▶ **Required work**:
Return only that part of the material below which starts with the line containing "La jument Tourina" and goes on through the line containing "Welcome to 1331", restated exactly.

▶ **Data shown**:
--*--

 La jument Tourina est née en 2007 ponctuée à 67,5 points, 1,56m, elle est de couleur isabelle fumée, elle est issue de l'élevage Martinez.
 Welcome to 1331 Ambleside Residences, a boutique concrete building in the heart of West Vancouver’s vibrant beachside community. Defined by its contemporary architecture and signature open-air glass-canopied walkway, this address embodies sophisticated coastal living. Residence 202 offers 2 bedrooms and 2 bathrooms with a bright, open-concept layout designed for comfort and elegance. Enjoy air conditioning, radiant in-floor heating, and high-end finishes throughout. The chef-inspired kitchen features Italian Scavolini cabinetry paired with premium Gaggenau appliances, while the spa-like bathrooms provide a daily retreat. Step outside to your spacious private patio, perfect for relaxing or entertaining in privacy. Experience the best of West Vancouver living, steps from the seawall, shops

--*--

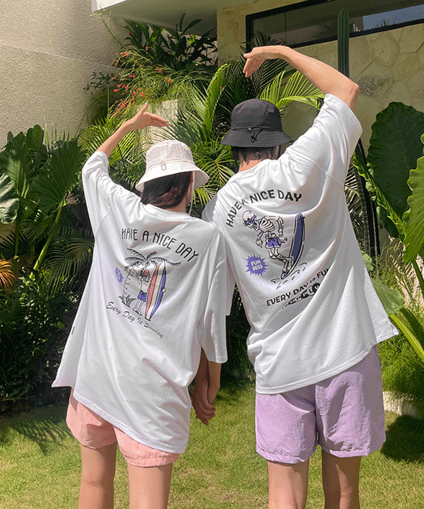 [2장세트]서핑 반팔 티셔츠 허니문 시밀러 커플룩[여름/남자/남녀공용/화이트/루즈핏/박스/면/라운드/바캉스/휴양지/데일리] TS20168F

--*--

▶ **Output for this task**:
 La jument Tourina est née en 2007 ponctuée à 67,5 points, 1,56m, elle est de couleur isabelle fumée, elle est issue de l'élevage Martinez.
 Welcome to 1331 Ambleside Residences, a boutique concrete building in the heart of West Vancouver’s vibrant beachside community. Defined by its contemporary architecture and signature open-air glass-canopied walkway, this address embodies sophisticated coastal living. Residence 202 offers 2 bedrooms and 2 bathrooms with a bright, open-concept layout designed for comfort and elegance. Enjoy air conditioning, radiant in-floor heating, and high-end finishes throughout. The chef-inspired kitchen features Italian Scavolini cabinetry paired with premium Gaggenau appliances, while the spa-like bathrooms provide a daily retreat. Step outside to your spacious private patio, perfect for relaxing or entertaining in privacy. Experience the best of West Vancouver living, steps from the seawall, shops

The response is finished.